Ask HN: Is anyone using Watson in their business? - WorksOfBarry
Analytics, or language, or anything Watson
======
anon1253
What exactly is Watson except a marketing term? I mean, as far as I understood
it, it's Apache UIMA with some bare bones NLP bolted on, using RDF ontologies
to power some inference. But I've never seen it being used in the wild except
as a tool to win over people to the IBM-side, raking in large contracts
ultimately doomed to fail due to lack of domain knowledge. It all seems so ...
familiar. Now everyone is rushing into Deep Learning for NLP, but apart from
things like sentiment analysis on synthetic data sets ... it's still /hard/
and needs constant attention. I really don't see how you can "IBM Watson"
stuff unless you're already heavily invested on integrating NLP/ML into your
workflow ... and that's tricker than it looks. The stuff on BlueMix seems nice
and all, but far from a silver bullet or golden hammer when it gets down to
the nitty gritty of real world data.

------
shpx
"IBM Watson" is a group of consultants and a brand.
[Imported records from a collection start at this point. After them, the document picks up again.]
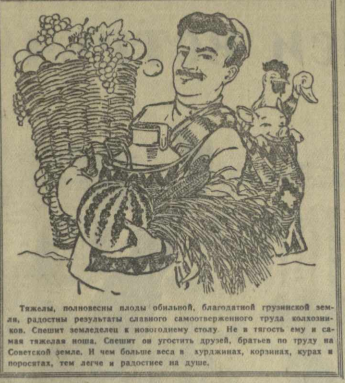
Тяжелы, полновесны плоды обильной, благодатной грузинской земли, радостны результаты славного самоотверженного труда колхозников. Спешит земледелец к новонаемому столу. Не в тягость ему и самая тяжелая ноша. Спешит он угостить друзей, братьев по труду на Советской земле. И чем больше веса в хурджинах, корзинах, кураж и поросках, тем легче и радостнее на душе.
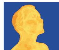
Hot and humid
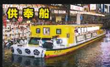
なんばオリエンタルホテル
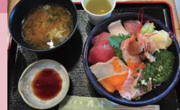
観光客に人気の「女川丼」
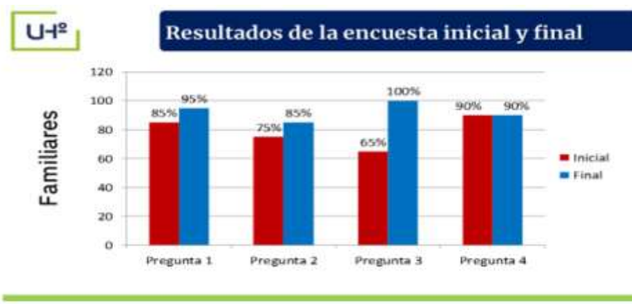
Fig. 5 - Tabulación de la encuesta a los familiares de los estudiantes preuniversitarios de la Eide

Los resultados finales obtenidos coinciden con los estudios de Carpio y Guerra (2017) que reconocen en las actividades relacionadas con la orientación vocacional un carácter metodológico, de superación e investigación orientadas a capacitar a los agentes educativos, de ahí que se justifica el contexto de la LCF y su incidencia en el proceso formativo de los estudiantes preuniversitarios de la Eide.
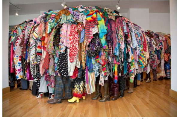
Resim 11. Guerra de la Paz, 2011. Lideri İzle
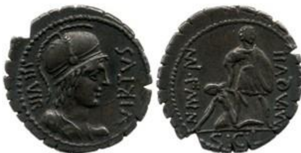
Figura 2: La serie monetaria conmemorativa de la victoria de Manio Aquilio en la segunda revuelta servil siciliana. Colección del Museo Británico: R.8578
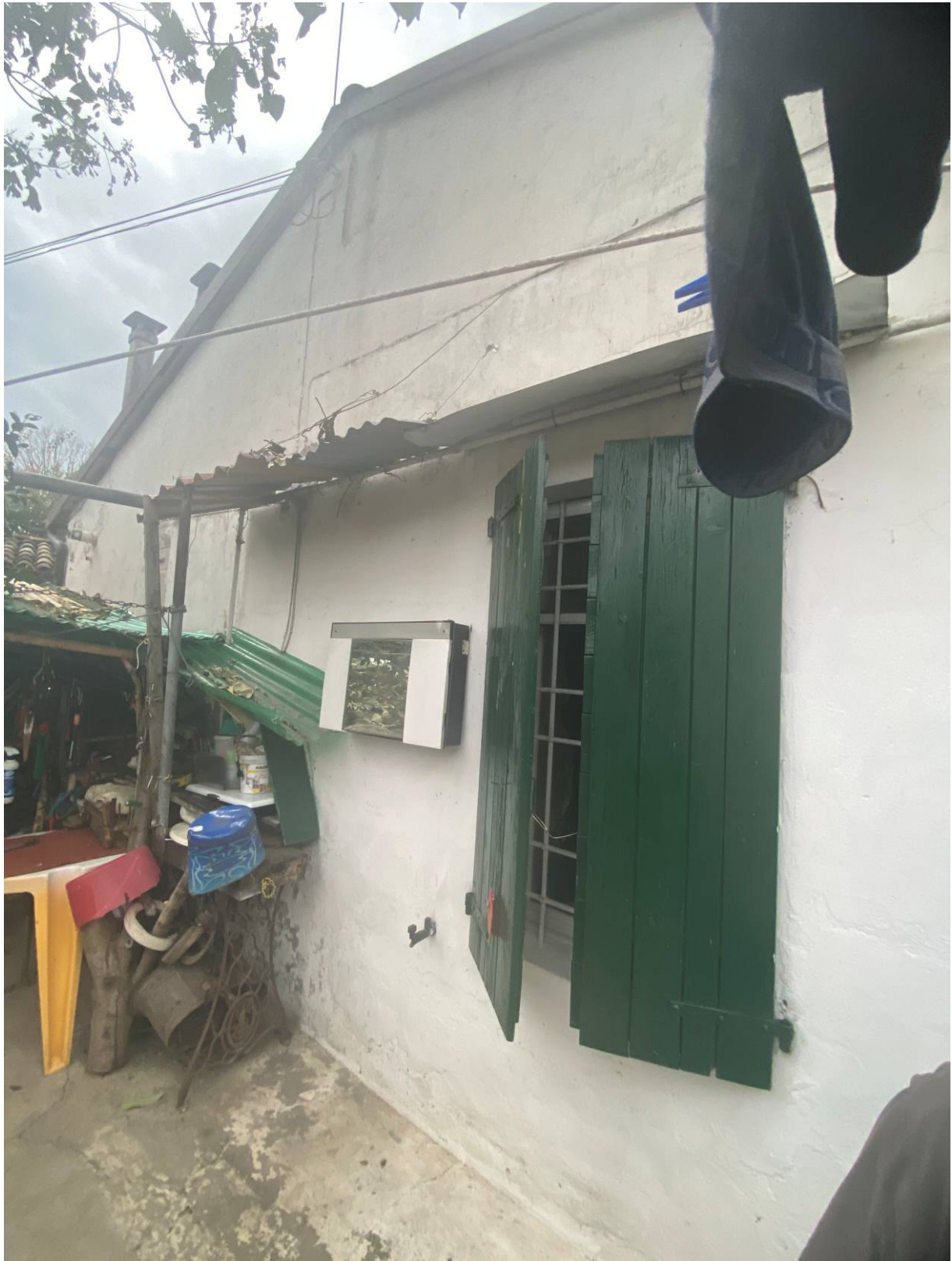
Fot.11 - Vista dell'unità immobiliare esecutata, lato corte interna.
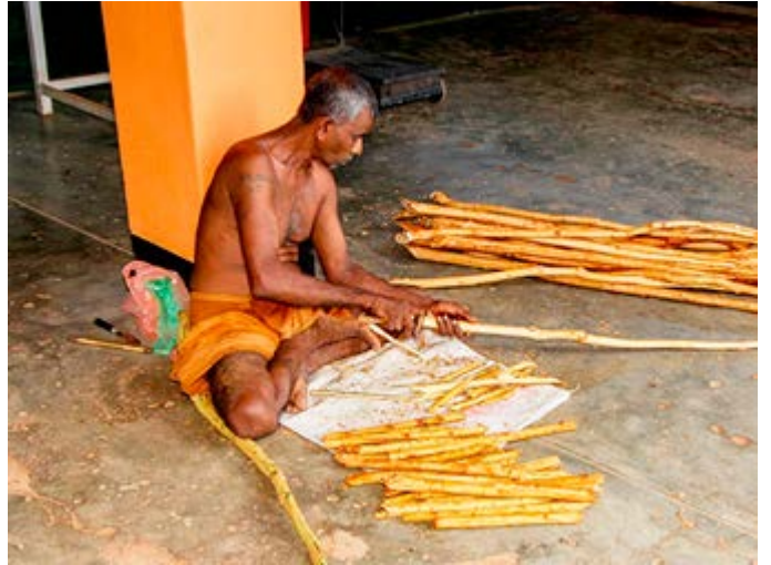
Aprenda cómo se manipula y prepara la canela
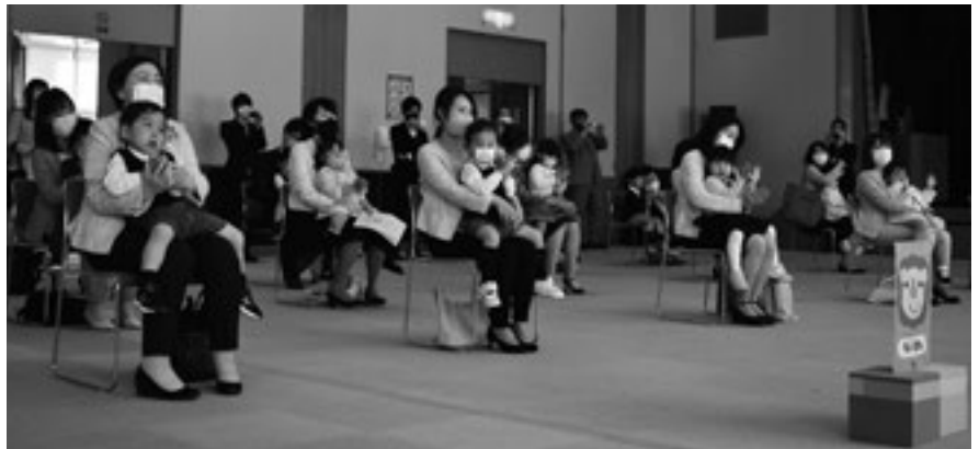
(手遊びをする園児)

4月5日(月)、7日(水)あさひ園及び保健福祉センターにて、入園式が行われ、新たに0~2歳児33名、3~5歳児56名が入園しました。これから始まる新生活に期待と希望で胸を膨らませながら、緊張した面持ちで入園式に臨んでいました。
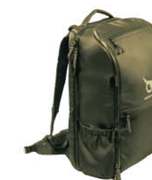
Sac 30L Kaki S322KAK
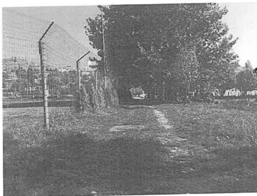
Mjesto nekadašnje grobnice na groblju Sveti Josip

Također, potrebno je napomenuti da još uvijek postoji određen broj ekshumiranih, a neidentifikovanih žrtava.
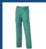
011 Verde claro
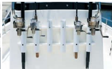
ロッドホルダー (オプション)
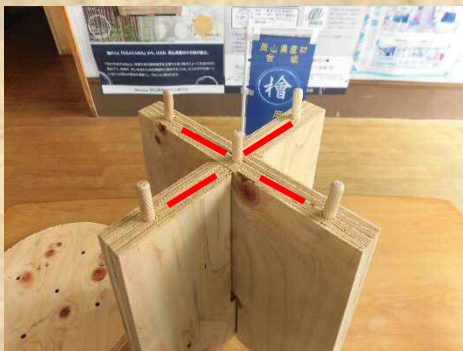
3. ダボをしっかりと入れ込む 赤線部等にボンドを塗る
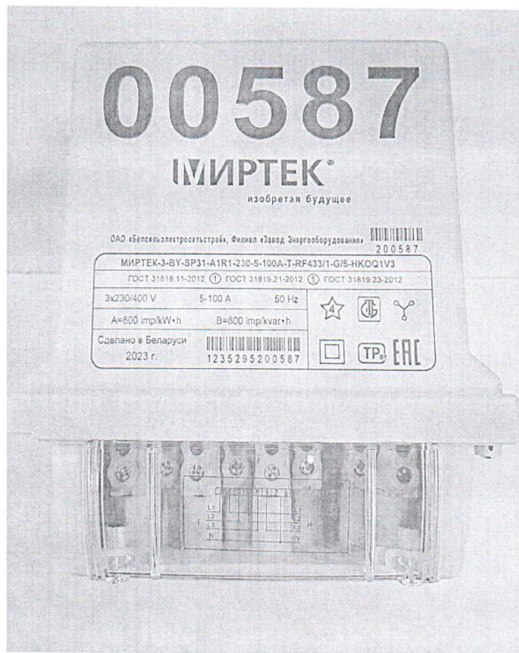
Рисунок 1.1 – Фотография общего вида счетчика
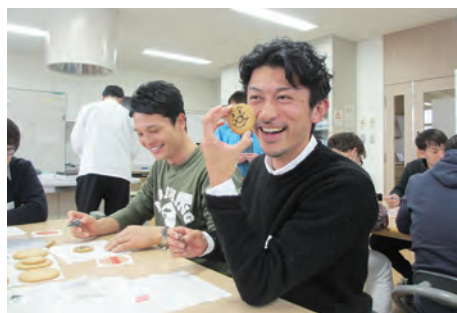
料理教室にて、スイーツ作りを楽しむYEGメンバー

来年度の石見四市交流会は、浜田が主管となります。我々も今回の大田YEGの皆様には、お返しを兼ねて、企画してまいります。大田YEGの皆様、この度は大変お世話になりました。

It's not an algorithm or a
service or an "artificial intelligence". Don't fall for the marketing.

[https://news.ycombinator.com/item?id=14766793](https://news.ycombinator.com/item?id=14766793)

[https://news.ycombinator.com/item?id=14682816](https://news.ycombinator.com/item?id=14682816)

[https://news.ycombinator.com/item?id=14767407](https://news.ycombinator.com/item?id=14767407)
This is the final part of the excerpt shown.